How It Differs From Other Sleepiness Measures
The ESS measures your general, ongoing tendency to fall asleep across routine situations. This makes it fundamentally different from tools like the Stanford Sleepiness Scale (SSS), which captures how sleepy you feel at one specific moment. The SSS asks you to pick from seven statements describing your current alertness level, from “feeling active and vital” down to “almost in reverie, cannot stay awake.” It’s useful for tracking sleepiness as it fluctuates throughout the day, but it tells you nothing about your baseline over time.
Think of the ESS as a summary of your sleep drive over weeks, while the SSS is a single data point. Both are subjective, but they answer different questions. For screening purposes, the trait-level picture from the ESS is generally more useful because it captures a persistent pattern rather than a momentary dip in energy after lunch.
Reliability and Known Limitations
A meta-analysis pooling 63 separate studies found that the ESS has a cumulative internal consistency score (Cronbach’s alpha) of about 0.82, which falls in the “good” range for a psychological measurement tool. In practical terms, the eight questions reliably measure the same underlying trait of sleepiness rather than pulling in different directions.
That said, the scale has real limitations. It depends entirely on self-reporting, and people don’t always accurately gauge their own sleepiness. This problem is especially pronounced in older adults. One study compared older subjects’ self-reported ESS scores with ratings from close relatives who observed them daily. The subjects rated their own sleepiness significantly lower (averaging about 7) than their relatives did (averaging about 10). Despite all subjects in the study reporting daytime sleepiness complaints, only about one quarter scored in the pathological range on the ESS. So if you’re older and your score seems low despite feeling tired, the scale may be underestimating the issue.
The ESS also can’t distinguish between causes of sleepiness.

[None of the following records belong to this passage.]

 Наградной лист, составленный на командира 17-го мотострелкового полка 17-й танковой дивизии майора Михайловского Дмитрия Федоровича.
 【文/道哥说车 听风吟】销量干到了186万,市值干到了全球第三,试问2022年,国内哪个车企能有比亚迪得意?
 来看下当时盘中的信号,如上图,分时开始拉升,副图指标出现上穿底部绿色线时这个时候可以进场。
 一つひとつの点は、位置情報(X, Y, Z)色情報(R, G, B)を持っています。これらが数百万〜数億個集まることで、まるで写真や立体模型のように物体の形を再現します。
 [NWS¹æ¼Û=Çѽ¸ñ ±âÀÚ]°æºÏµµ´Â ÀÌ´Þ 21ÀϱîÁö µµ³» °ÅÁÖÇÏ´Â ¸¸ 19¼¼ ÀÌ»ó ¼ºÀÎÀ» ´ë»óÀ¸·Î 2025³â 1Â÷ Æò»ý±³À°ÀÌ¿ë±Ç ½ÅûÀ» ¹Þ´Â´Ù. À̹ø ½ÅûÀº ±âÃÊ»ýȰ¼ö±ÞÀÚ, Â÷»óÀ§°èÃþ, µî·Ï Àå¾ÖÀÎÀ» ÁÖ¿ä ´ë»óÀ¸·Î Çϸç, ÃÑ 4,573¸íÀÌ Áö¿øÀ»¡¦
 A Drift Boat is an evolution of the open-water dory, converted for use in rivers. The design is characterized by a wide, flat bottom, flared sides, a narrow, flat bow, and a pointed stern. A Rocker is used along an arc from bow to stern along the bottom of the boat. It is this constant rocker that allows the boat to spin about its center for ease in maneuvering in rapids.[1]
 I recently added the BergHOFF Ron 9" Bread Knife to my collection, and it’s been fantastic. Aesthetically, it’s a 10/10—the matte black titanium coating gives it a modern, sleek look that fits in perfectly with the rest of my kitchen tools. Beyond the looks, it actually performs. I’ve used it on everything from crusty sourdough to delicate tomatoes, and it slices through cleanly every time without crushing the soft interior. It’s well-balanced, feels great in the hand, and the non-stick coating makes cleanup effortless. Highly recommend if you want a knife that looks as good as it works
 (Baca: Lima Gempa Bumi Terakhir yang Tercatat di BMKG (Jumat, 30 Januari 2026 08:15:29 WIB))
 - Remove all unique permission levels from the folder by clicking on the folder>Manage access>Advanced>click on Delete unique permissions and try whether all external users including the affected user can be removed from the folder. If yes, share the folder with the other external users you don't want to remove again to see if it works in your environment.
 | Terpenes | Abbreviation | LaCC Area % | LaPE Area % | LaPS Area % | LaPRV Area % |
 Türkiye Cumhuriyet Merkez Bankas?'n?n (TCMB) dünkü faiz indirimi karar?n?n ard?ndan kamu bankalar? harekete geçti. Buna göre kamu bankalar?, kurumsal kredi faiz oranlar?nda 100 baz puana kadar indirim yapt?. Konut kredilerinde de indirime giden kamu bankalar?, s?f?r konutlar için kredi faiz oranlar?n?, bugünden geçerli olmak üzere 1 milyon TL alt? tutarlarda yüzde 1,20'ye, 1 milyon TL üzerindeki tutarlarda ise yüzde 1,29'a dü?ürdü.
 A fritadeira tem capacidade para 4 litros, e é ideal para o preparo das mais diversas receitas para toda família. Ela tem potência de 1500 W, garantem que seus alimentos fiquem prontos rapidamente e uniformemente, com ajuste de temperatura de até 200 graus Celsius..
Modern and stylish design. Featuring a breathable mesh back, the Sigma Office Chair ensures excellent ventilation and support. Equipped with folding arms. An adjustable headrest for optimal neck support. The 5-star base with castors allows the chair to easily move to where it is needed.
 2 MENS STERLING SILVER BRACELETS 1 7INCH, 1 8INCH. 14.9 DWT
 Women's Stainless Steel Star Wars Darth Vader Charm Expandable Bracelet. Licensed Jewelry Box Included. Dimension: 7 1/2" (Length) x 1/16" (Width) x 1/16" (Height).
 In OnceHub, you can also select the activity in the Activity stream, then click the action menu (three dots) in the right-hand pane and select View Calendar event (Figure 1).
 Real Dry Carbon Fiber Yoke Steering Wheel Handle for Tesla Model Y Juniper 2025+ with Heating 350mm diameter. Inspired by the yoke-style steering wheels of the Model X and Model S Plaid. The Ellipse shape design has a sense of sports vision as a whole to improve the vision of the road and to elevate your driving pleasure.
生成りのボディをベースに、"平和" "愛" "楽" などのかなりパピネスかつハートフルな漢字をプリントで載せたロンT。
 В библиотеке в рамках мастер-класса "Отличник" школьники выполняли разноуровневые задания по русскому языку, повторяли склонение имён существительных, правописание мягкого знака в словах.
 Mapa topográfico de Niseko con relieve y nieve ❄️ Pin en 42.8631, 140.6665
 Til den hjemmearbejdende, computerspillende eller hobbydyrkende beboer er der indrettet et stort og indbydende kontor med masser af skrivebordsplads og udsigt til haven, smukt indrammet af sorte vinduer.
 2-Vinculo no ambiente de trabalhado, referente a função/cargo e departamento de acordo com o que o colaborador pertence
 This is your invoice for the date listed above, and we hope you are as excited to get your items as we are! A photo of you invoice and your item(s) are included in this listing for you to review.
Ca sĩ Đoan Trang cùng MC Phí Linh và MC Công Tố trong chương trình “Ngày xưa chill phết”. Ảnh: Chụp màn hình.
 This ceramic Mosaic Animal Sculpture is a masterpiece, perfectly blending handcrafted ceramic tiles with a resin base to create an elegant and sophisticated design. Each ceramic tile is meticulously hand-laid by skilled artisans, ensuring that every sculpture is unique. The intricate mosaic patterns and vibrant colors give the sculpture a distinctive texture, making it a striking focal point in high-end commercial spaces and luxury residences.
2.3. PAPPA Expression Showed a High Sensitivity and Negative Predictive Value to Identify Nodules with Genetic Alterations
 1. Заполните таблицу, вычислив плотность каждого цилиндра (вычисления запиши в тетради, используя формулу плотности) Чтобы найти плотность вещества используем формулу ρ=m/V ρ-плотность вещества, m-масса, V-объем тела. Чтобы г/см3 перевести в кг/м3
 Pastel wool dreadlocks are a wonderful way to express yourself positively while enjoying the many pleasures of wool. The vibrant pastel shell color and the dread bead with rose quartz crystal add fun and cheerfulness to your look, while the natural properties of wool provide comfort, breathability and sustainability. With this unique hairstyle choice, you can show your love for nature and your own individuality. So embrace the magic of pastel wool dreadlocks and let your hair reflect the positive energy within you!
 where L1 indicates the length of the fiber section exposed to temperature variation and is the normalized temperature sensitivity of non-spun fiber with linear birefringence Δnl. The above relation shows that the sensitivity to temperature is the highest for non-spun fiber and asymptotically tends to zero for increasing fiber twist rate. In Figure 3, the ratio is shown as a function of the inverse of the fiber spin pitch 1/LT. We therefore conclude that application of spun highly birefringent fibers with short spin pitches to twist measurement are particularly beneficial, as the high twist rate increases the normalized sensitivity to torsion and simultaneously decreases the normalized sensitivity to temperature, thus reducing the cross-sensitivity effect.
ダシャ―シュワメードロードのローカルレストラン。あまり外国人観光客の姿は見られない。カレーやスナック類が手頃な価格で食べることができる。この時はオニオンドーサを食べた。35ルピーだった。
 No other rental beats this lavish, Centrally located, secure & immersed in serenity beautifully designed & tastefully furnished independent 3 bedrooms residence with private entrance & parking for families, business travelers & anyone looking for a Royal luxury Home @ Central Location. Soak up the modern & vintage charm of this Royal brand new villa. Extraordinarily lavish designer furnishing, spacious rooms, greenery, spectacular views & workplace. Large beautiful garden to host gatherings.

A score of 14 could reflect sleep apnea, narcolepsy, chronic sleep deprivation from a demanding schedule, or medication side effects. The score tells you something is off, not what that something is.
A Version for Children and Teens
The standard ESS was designed for adults, but a modified version called the ESS-CHAD (Epworth Sleepiness Scale for Children and Adolescents) adapts the questionnaire for younger populations. It adjusts the language and situations to be more relevant to children’s daily routines. The ESS-CHAD has been validated in pediatric patients with narcolepsy aged 7 to 16, confirming that it reliably measures daytime sleepiness in this age group. Before this validation work, the tool had only been studied in children 12 and older, so its usefulness now extends to school-age children as well.
What to Do With Your Score
If you score 10 or below, your daytime sleepiness falls within the normal range. You may still benefit from better sleep habits if you’re consistently at the higher end, but the score alone doesn’t suggest a sleep disorder. If you score 11 or above, that’s a signal worth acting on. It doesn’t mean you definitely have a condition like sleep apnea, but it does mean your level of daytime sleepiness is above what’s considered healthy and is associated with reduced quality of life.
Most primary care providers and sleep specialists are familiar with the ESS and can use your score as a starting point for further evaluation. In many cases, an elevated score will lead to an overnight sleep study or other testing to identify the root cause. Treatment for the underlying condition, whether it’s a breathing issue during sleep or a neurological sleep disorder, typically brings ESS scores back toward the normal range as daytime alertness improves.